Are you GDPR compliant? More than two years after the GDPR's implementation, many companies are late in integrating these new requirements on data protection into their projects.
GDPR Compliance: What is personal data?
Personal data is a very large set of data that, individually or combined, can isolate a person from a group**. It is present in all your information systems and includes:
- contact details (last name, first name, postal or e-mail address, telephone number)
- data with a high impact on private life (HR data, geolocation data)
- sensitive data (health status, political or religious opinions, sexual orientation, social security number)
Appointing a DPO to ensure GDPR compliance
GDPR compliance concerns all your departments and activities as soon as personal data is processed. For more efficiency, this project should be coordinated by a person in charge.

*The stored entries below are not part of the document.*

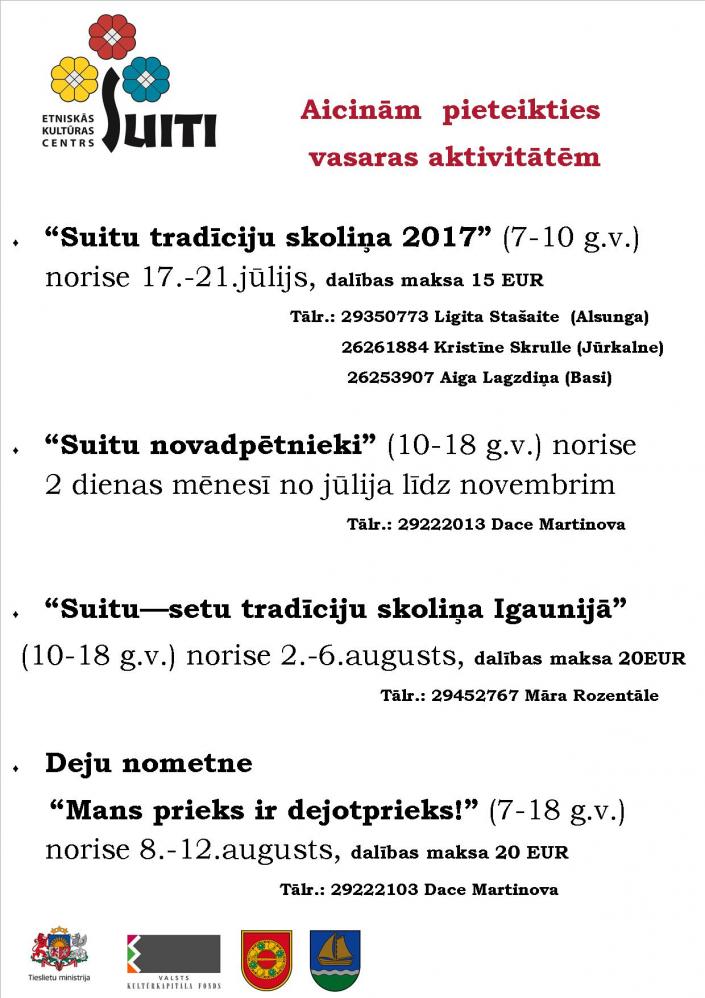 Suitu tradīciju skoliņas 2017 šogad atkal pulcē 30 suitu bērnu, lai piecu dienu garumā iepazītu suitu kultūras mantojuma bagātības. Kopā darbojoties dažādās radošās un izglītojošās nodarbībās rasts priekštats par suitu kultūras daudzveidību un unikalitāti. Apceļojot suitu novadu - maģos, dižos un krētainos suitus, iepazīts suitu dabas krāšņums, dziedāts, dejots un darināts kopā ar tradīciju kopējiem. Finansiālais atbalsts vasaras nometnei no LR Kultūras ministrijas (LNKC), VKKF un Ventspils novada pašvaldības. Paldies skolotājiem un visiem, kas palīdzēja skoliņas norises nodrošināšanā. Uz tikšanos 2018.gadā!
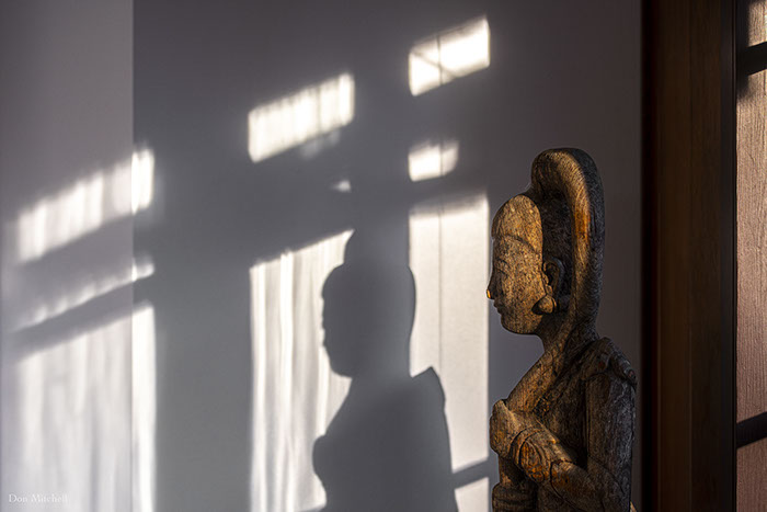 Sunny morning. I was headed outside but saw that Phra Mae Thorani and the window were making interesting shadows.
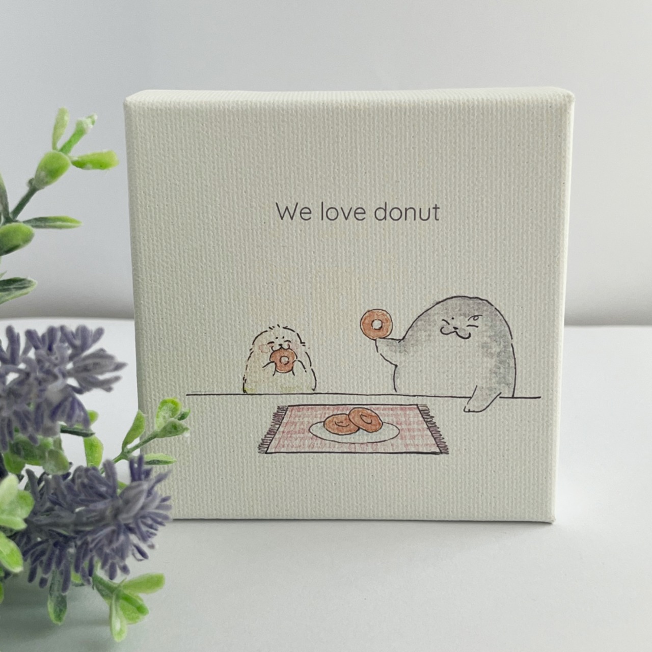 透明水彩で描いた、ゆるっとしたアザラシのイラストをキャンバスにプリントしました。
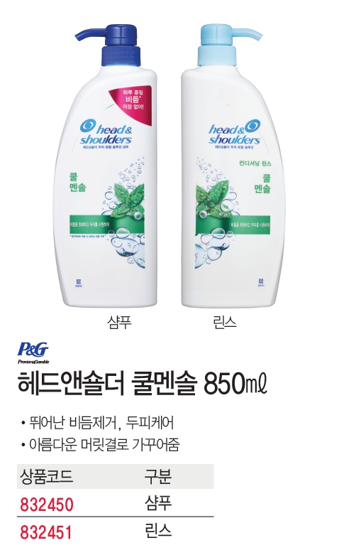■ 품명 및 모델명 : 헤드앤숄더 쿨멘솔린스 850ml
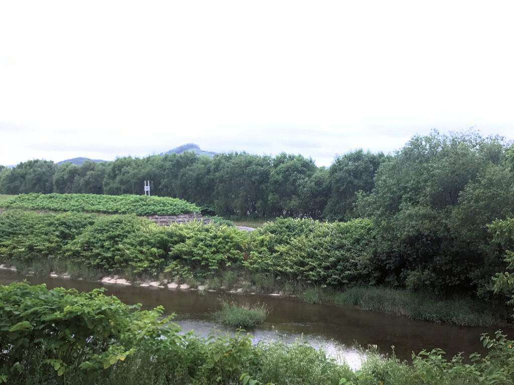 オホーツク旅行一日目、道の駅かみゆうべつ温泉チューリップの湯を訪れた後、湧別川方面に移動しチャシを捜してみました。まずは湧別川の対岸から遠景を臨み、堤防の上に出られそうだったので、堤防の上から対岸を眺めてみました。続いて湧別川を渡り、橋のたもとからチャシ方面の遠景を撮りました。
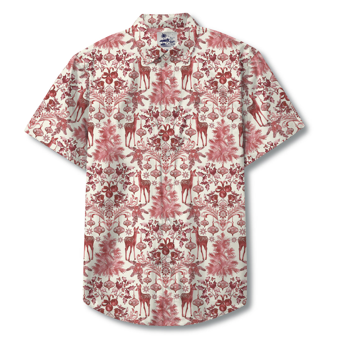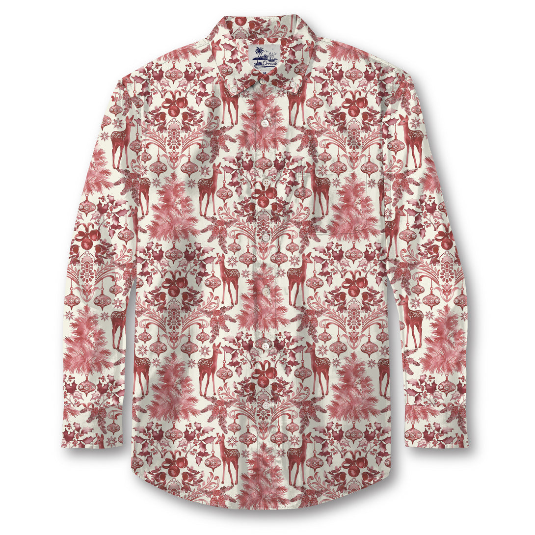 This shirt features an intricate, symmetrical toile-style pattern in deep red tones against a soft cream background. The design combines natural and festive elements, including elegant deer, pine branches, holly, and ornamental floral motifs. The overall look evokes a refined, vintage charm with a touch of holiday spirit, blending classic nature-inspired illustrations with ornamental detailing.
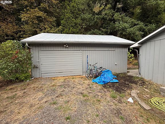 Freshly painted, cozy two bedroom home situated on over 1/4 Acre lot! Living room w/atrium windows. Ductless Heat and AC in main house. Mature fruit trees. Covered porch connects main house to 12 x 18 finished "bonus room". Next door to school and 5 minutes from some of the finest forest hiking. Oakridge is surrounded by lakes and has a river running through it. Known as the "mountain biking hub of Oregon".
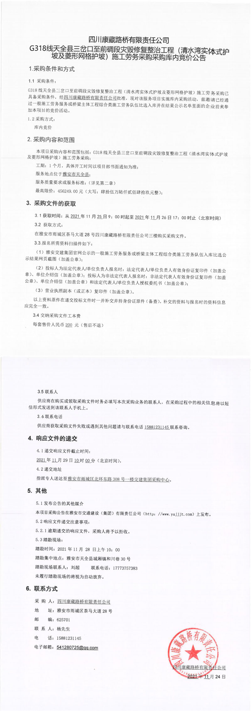 四川康藏路橋有限責(zé)任公司G318線天全縣三岔口至前碉段災(zāi)毀修復(fù)整治工程(清水灣實體式護坡及菱形網(wǎng)格護坡)施工勞務(wù)采購采購庫內(nèi)競價公告
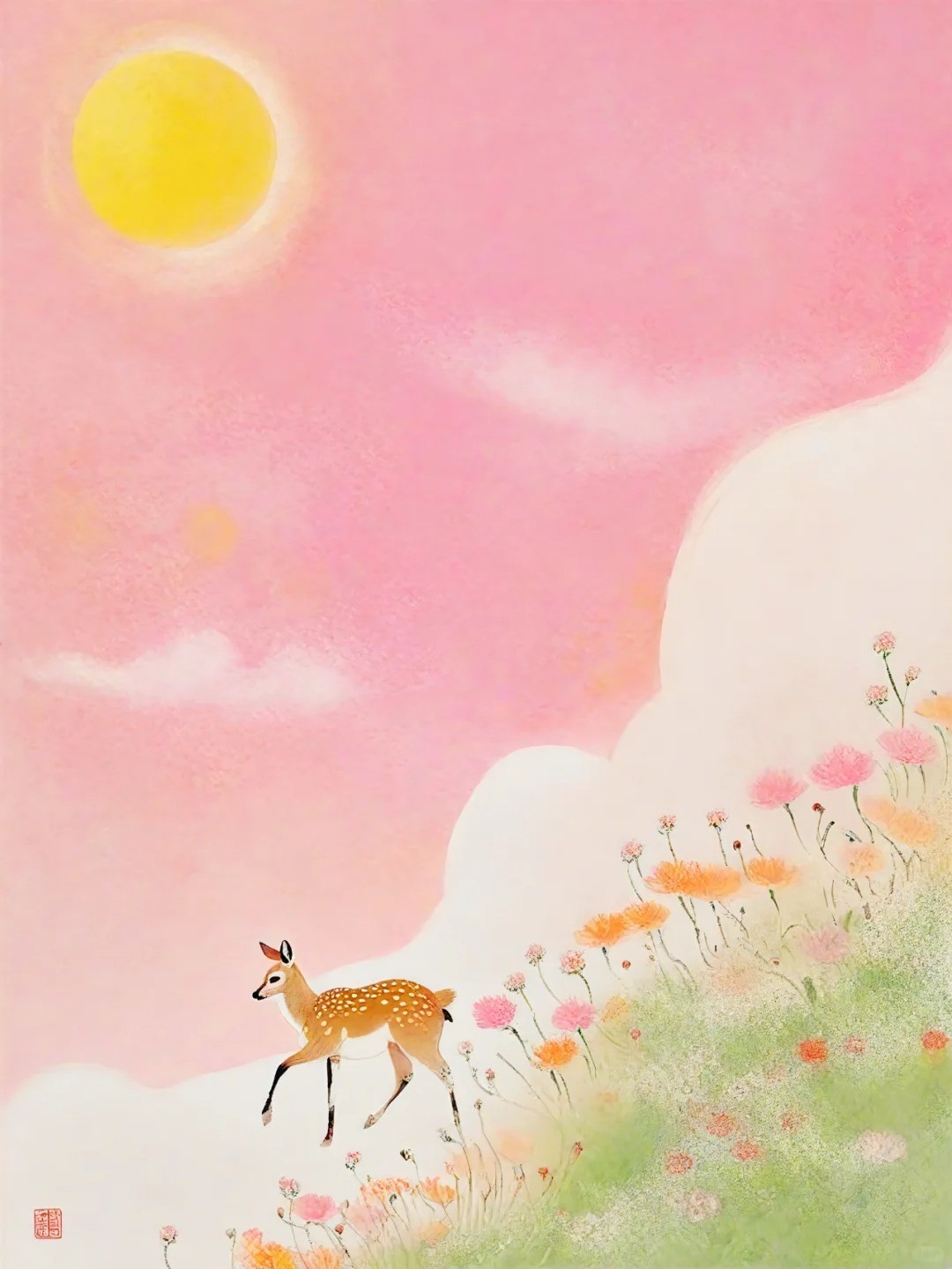 溪水、犬吠、钟声、小鹿,桃花,翠竹、青松,构成了一幅生趣盎然的诗意画面。诗人闲闲的倚在松树上,这难得的躺平摆烂式欣赏美景,这是多么惬意悠然啊。

In some cases, the appointment of a dedicated function, a Data Protection Officer (DPO), is even mandatory. This is the case, for example, for local authorities or for certain technology companies.
Identify the data processing operations subject to the GDPR
Have you carried out an inventory of your databases?

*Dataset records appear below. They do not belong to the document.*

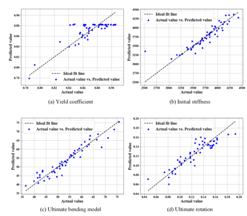 最后,建立了改进C型节点的弯矩-转角双线性模型,对屈服系数、初始抗弯刚度和极限弯矩等关键参数进行拟合,结果表明各参数实际值与预测值偏差很小,拟合效果良好。
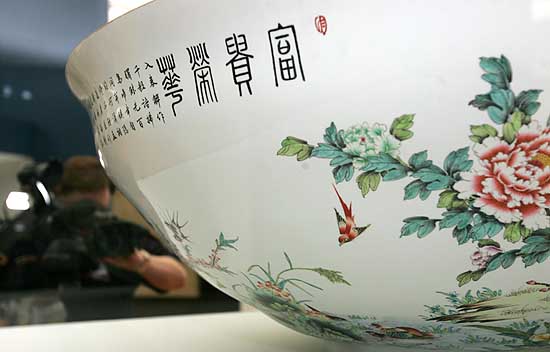 26日,一名電視記者在俄羅斯首都莫斯科舉行的媒體預展上拍攝景德鎮精品瓷器。3月27日,由江西承辦的“白色的金子——中國瓷器精品展”在莫斯科正式開展。這一展覽是俄羅斯舉辦的“中國年”文化展覽之一。
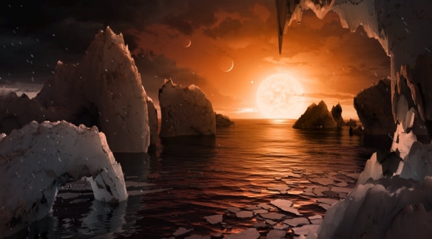 This exoplanet system is called TRAPPIST-1, named for The Transiting Planets and Planetesimals Small Telescope (TRAPPIST) in Chile.

Personal data can take many forms, structured (text files, databases) or unstructured (contracts, free comment fields).
You must therefore create a register describing the data processing carried out. Each record centralizes the main characteristics of each process: What data are processed? For what purposes? Who is the recipient of the data? How long are they kept? Etc.
This inventory will allow you to evaluate the risks of GDPR compliance. You will be then able to prioritize your efforts on the most sensitive projects.

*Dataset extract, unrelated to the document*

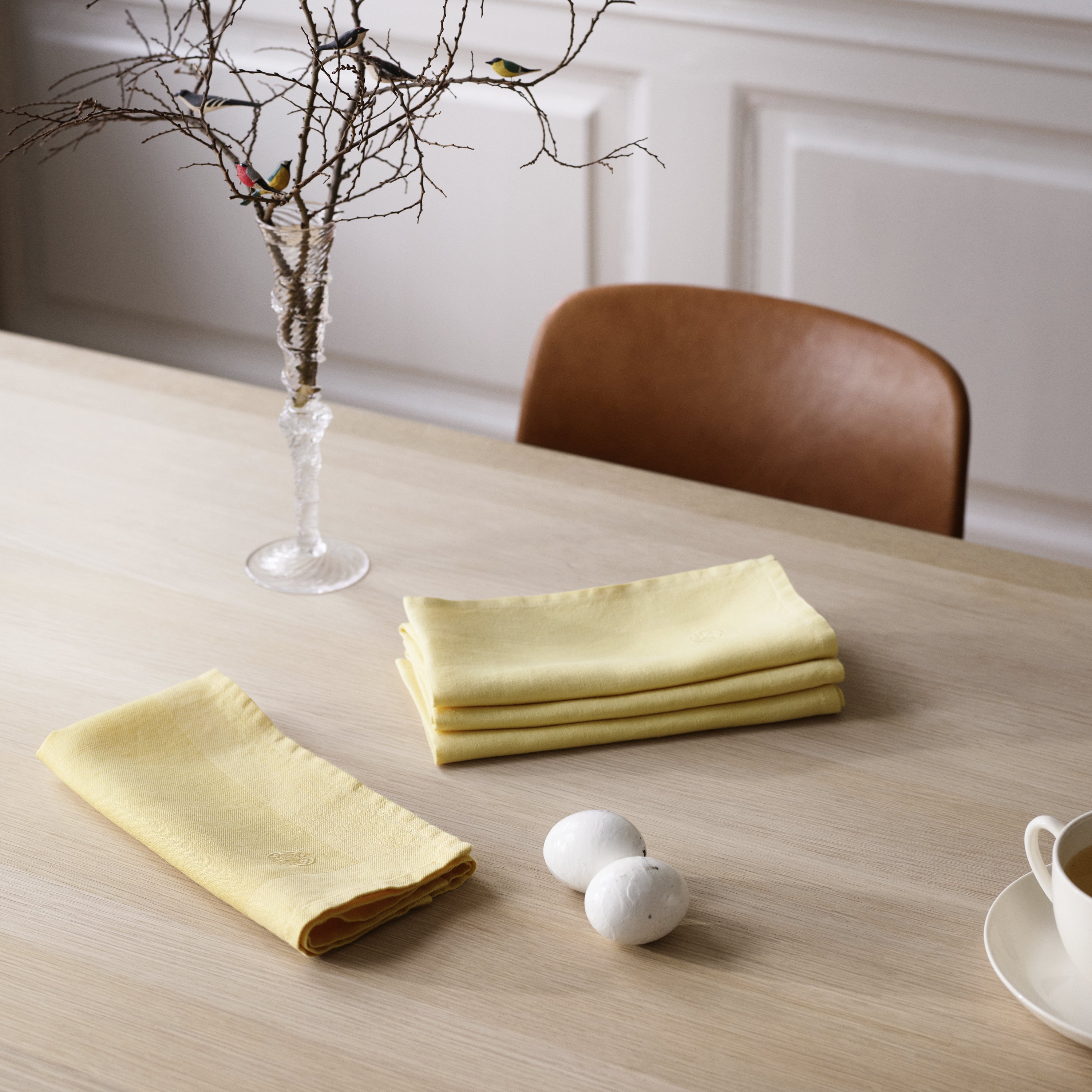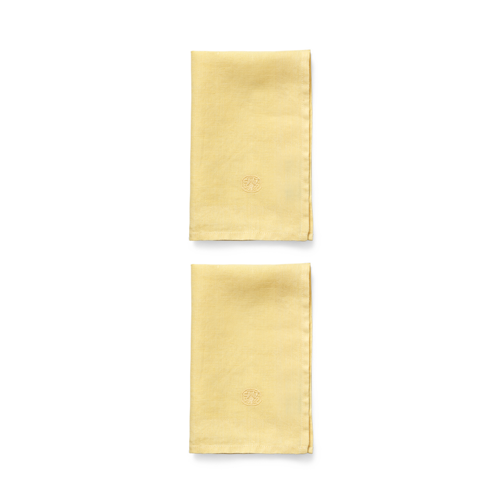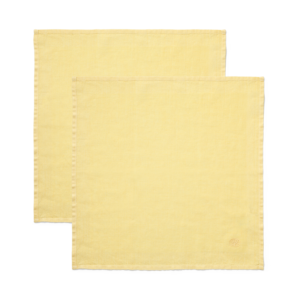 Met zijn eenvoudige ontwerp en zachtgele kleur is de servet een verfijnde aanvulling op de gedekte tafel. Bijzonder geschikt voor de klassieke tafel met een tafelkleed, maar net zo fijn als sfeervolle aanvulling op een eenvoudige tafelsetting.

With the GDPR, achieve more transparency and consent
You probably process the data of prospects, customers, suppliers, employees or partners.
Even more than before, you will have to be transparent about the way data is processed. This will lead you to create various informational materials and to review existing ones, for instance:
- information at the bottom of data collection forms
- employee information notices
You will also need to review your user experience to ensure that consent is obtained. This can be done in various ways:
- check boxes on forms to authorize prospecting operations
- oral solicitation of consent by customer advisors
- consent request interface for the deposit of cookies
If you process sensitive data, you will also need to collect specific consent.
Accountability and privacy by design, the key concepts of GDPR compliance
The GDPR currently imposes global compliance of data processing. It is based on three key concepts:
- Accountability: Access restriction, limitation of data fields and purposes, automatic purges, etc. Implement in your tools the adequate measures in terms of data protection and security.
- Privacy by design: Integrate these measures as early as possible, from the design phase of your new projects or when you make structural changes to your tools. This will help you control your costs and your schedule.
- Privacy by default: Do not collect unnecessary data. Restrict the collection fields of your forms, set up your tools correctly so as not to collect more than necessary.
Your most structural projects should be subject to a data protection impact analysis (DPIA). This will allow you to determine more precisely the measures to be integrated into the project.
Check the GDPR compliance of suppliers
- Your company is responsible for the data processing carried out internally by your employees but also externally by your suppliers and subcontractors.
You must therefore:
- verify their adherence to the GDPR
- sign additional agreements to ensure the protection of personal data
- sign specific agreements in case of data transfers outside the European Union (such as if the processor is based in Morocco or transfers data to its data to its parent company in the United States).
Taking charge of your GDPR rights
The people whose data you process may ask you to, among other things:
- to communicate to them the data that you have
- to rectify or delete it
- to stop processing their data, for example by unsubscribing to newsletters or prospecting databases
The handling of these requests must concern all the databases storing data. This is why a GDPR compliance plan requires the development of procedures describing the steps to follow for each type of request. Correct handling of requests is essential to avoid the CNIL (Commission nationale de l'informatique et des libertés) being approached with complaints against your company.
IT security, a pillar of GDPR compliance
Ensuring the security of databases is important, especially those containing personal data. Therefore, you will need to establish a plan with appropriate measures for each IT layer of your infrastructure. IT security is the foundation of your GDPR compliance.
One of your databases has been hacked? An employee has sent a data file by email by mistake? Your customers' quotes and invoices are accessible online? All these data breaches must be notified to the CNIL within 72 hours. This requires another procedure covering detection of the breach, minimization of the damage and notification. You may also need to inform the individuals affected by the breach.
Get the tools you need to comply with GDPR
The GDPR applies consistent regulation. The integration of these requirements in your activities will require a sustained effort that will have to be carried by the internal sponsor with the approval of the concerned departments.
You can rely on many resources, such as natural language recognition, and on tools to automate certain repetitive tasks. This will lighten the task of both your Data Protection Officer and your business teams, all the while ensuring a better optimization of your GDPR compliance.